(a) $\left[\mathrm{CoF}_6\right]^{3-}$.

$\mathrm{F}^{-}$is a weak field ligand.

Configuration of $\mathrm{Co}^{3+}=3 d^6$ (or $t_{2 g}^4 e_g^2$)

Number of unpaired electrons $(n)=4$

Magnetic moment $(\mu)=\sqrt{n(n+2)}=\sqrt{4(4+2)}=\sqrt{24}=4.9 \mathrm{BM}$

$\left[\mathrm{Co}\left(\mathrm{H}_2 \mathrm{O}\right)_6\right]^{2+}$, $\mathrm{H}_2 \mathrm{O}$ is a weak field ligand.

Configuration of $\mathrm{Co}^{2+}=3 d^7\left(\right.$ or $\left.t_{2 g}^5 e_g^2\right)$

Number of unpaired electrons $(n)=3$

$$\mu=\sqrt{3(3+2)}=\sqrt{15}=3.87 \mathrm{BM}$$

$\left[\mathrm{Co}(\mathrm{CN})_6\right]^{3-}$ i.e., $\mathrm{Co}^{3+}$

$\because \quad \mathrm{CN}$ is strong field ligand.

$$\mathrm{Co}^{3+}=3 \mathrm{~d}^6\left(\mathrm{or} t_{2 g}^6 \mathrm{e}_g^0\right)$$

There is no unpaired electron, so it is diamagnetic.

$$\mu=0$$

(b) $\left[\mathrm{FeF}_6\right]^{3-}$,

$\mathrm{Fe}^{3+}=3 d^5\left(\right.$ or $\left.t_{2 g}^3 e_g^2\right)$

Number of unpaired electrons, $n=5$

$$\begin{aligned} \mu & =\sqrt{5(5+2)} \\ & =\sqrt{35}=5.92 \mathrm{BM} \\ {\left[\mathrm{Fe}\left(\mathrm{H}_2 \mathrm{O}\right)_6\right]^{2+} } & \end{aligned}$$

$$\mathrm{Fe}^{2+}=3 d^6\left(\operatorname{or} t_{2 g}^4 e_g^2\right)$$

Number of unpaired electrons, $n=4$

$$\begin{aligned} \mu & =\sqrt{4(4+2)} \\ Z & =\sqrt{24} \\ & =4.98 \mathrm{BM} \\ {\left[\mathrm{Fe}(\mathrm{CN})_6\right]^{4-} } & \end{aligned}$$

Since, $\mathrm{CN}^{-}$is a strong field ligand, all the electrons get paired.

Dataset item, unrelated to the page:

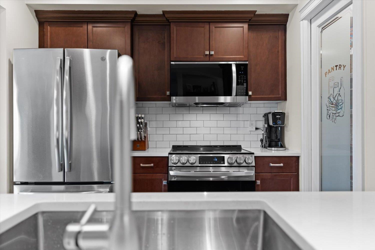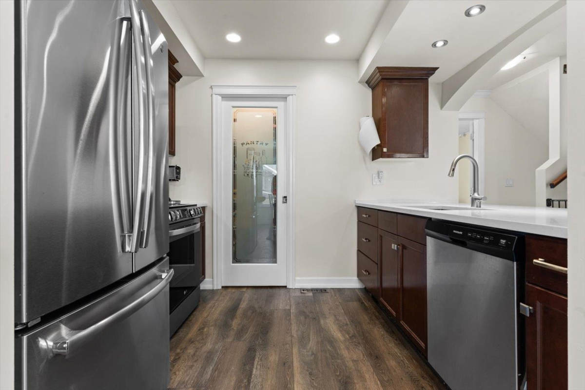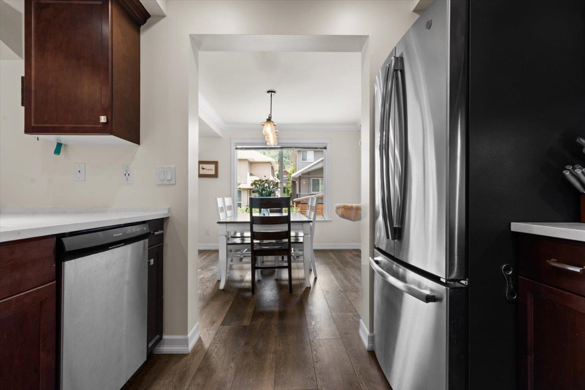 Your Search for a spacious family townhome ends at Cobblestone Terrace! Over 2100 sqft in popular Promontory. This spacious 4-bed (potential for 5th) townhome boasts a large bedroom with an ensuite (or could be flex space) on the main, bright open kitchen with quartz counters, new S/S appliances, large step-in pantry & stunning new vinyl floors. Enjoy tons of natural light, cozy gas fireplace & covered deck for year-round BBQs. Upstairs has 3 generous bedrooms with walk in closets, spa-like ensuite with soaker tub, in the PB and below you will find a family room that can be divided for a 5th bedroom plus a huge fenced yard, parking for 4, A/C & built-in vac! Must be seen to be appreciated ! No size restrictions for two of your furry friends and Rentals are allowed! Make your move today !

$$\mathrm{Fe}^{2+}=3 d^6\left(\operatorname{or} t_{2 g}^6 e_g^0\right)$$

Because there is no unpaired electron, so it is diamagnetic in nature.

(a) $\left[\mathrm{Mn}(\mathrm{CN})_6\right]^{3-}$

(i) $d^2 s p^3$ hybridisation

(ii) Inner orbital complex because $(n-1) d$-orbitals are used.

(iii) Paramagnetic, as two unpaired electrons are present.

(iv) Spin only magnetic moment $(\mu)=\sqrt{2(2+2)}=\sqrt{8}=2.82 \mathrm{BM}$

$$\begin{aligned} & \text{(b) }\quad{\left[\mathrm{Co}\left(\mathrm{NH}_3\right)_6\right]^{3+}} \\ & \mathrm{Co}^{3+}=3 d^6 4 s^0 \end{aligned}$$

( $\mathrm{NH}_3$ pair up the unpaired $3 d$ electrons.)

(i) $d^2 s p^3$ hybridisation

(ii) Inner orbital complex because of the involvement of $(n-1) d$-orbital in bonding.

(iii) Diamagnetic, as no unpaired electron is present.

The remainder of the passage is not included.